# Investigating neurobehavioral consequences of  COVID-19 related stressors on maternal mental health and infant development

> **NIH NIH R01** · NEW YORK UNIVERSITY · 2024 · $715,736

## Abstract

PROJECT SUMMARY
Societal consequences of the COVID-19 pandemic are unprecedented. The global community has been
crippled by a public health emergency that has had deleterious health and economic impacts, the scope of
which has yet to be determined. As a result of the current crisis, pregnant women and new mothers are
currently experiencing dramatic loss of medical, financial, and social support, resulting in higher rates of
emotional distress. It is well established that chronic stress can be embedded in the developing neurobiological
system, particularly during sensitive periods of life, but how the timing of maternal stressors and pathways
through which these experiences impact child neurobehavioral development are unclear. The central objective
of this proposal is to examine the association between perinatal COVID-19 stress and longitudinal postnatal
brain development, and to rigorously evaluate timing of exposure, underlying biological mechanisms and
postnatal protective factors. We will enroll 300 women and children from the New York City (NYC) COVID-19
Perinatal Experiences (COPE) cohort into a longitudinal protocol that will measure child biobehavioral
outcomes at 12-, 24-, and 36-months.
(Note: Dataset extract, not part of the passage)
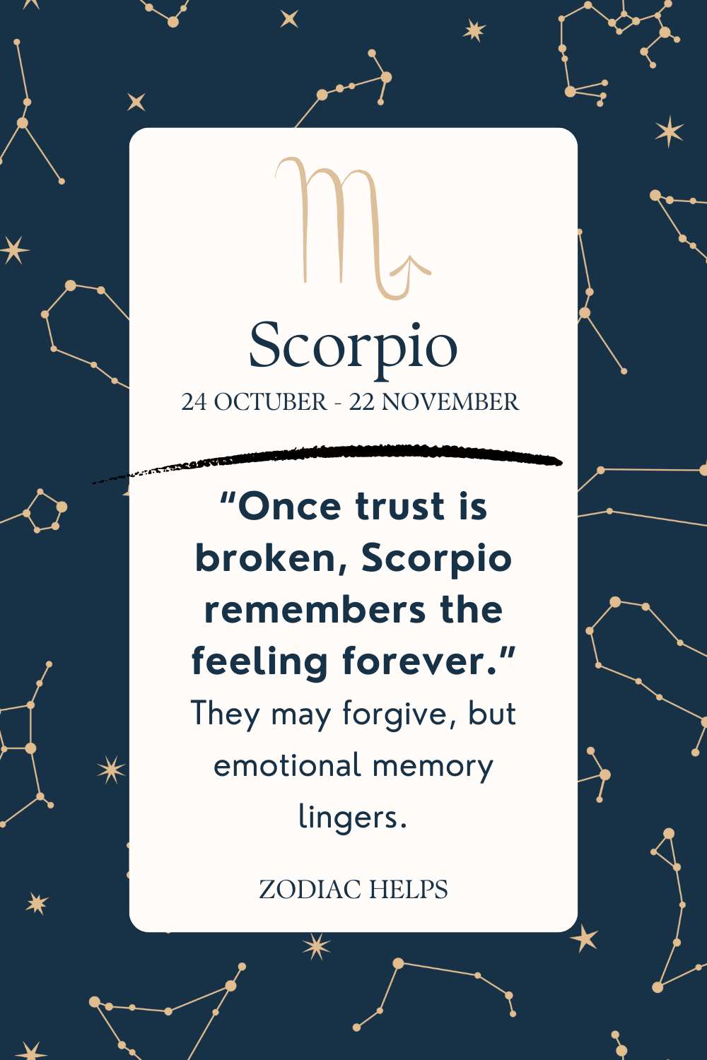 “Once trust is broken, Scorpio remembers the feeling forever.”

The COPE cohort is comprised of more than 900 women that were
enrolled into a longitudinal assessment protocol at the height of the pandemic, approximately half of which
were pregnant (54%) and half of which were new mothers (46%). The primary aims of this project are to (i)
identify key windows of perinatal stress vulnerability; (ii) evaluate biological pathways that underlie associations
between maternal COVID-19 stressors and infant neurocognition; and (iii) isolate protective factors in the
postnatal environment that promote resilient outcomes in children exposed to extreme perinatal stress. We will
selectively recruit the proposed subsample for this study based on balance of timing of exposure, severity of
stressors, and sociodemographic factors. We will thus be able to meaningfully evaluate biological
consequences of perinatal stress with control over both timing and aggregate risk. Such work would constitute
a substantial advance in our understanding of the longitudinal effects of maternal perinatal stress on early
human brain development and would also offer potential avenues for promoting healthy outcomes in children
born at the height of history’s most significant perinatal stressor.

## Key facts

- **NIH application ID:** 10816497
- **Project number:** 5R01MH125870-04
- **Recipient organization:** NEW YORK UNIVERSITY
- **Principal Investigator:** Natalie Hiromi Brito
- **Activity code:** R01 (R01, R21, SBIR, etc.)
- **Funding institute:** NIH
- **Fiscal year:** 2024
- **Award amount:** $715,736
- **Award type:** 5
- **Project period:** 2021-06-01 → 2026-03-31

## Primary source

NIH RePORTER: https://reporter.nih.gov/project-details/10816497

## Citation

> US National Institutes of Health, RePORTER application 10816497, Investigating neurobehavioral consequences of  COVID-19 related stressors on maternal mental health and infant development (5R01MH125870-04). Retrieved via AI Analytics 2026-05-23 from https://api.ai-analytics.org/grant/nih/10816497. Licensed CC0.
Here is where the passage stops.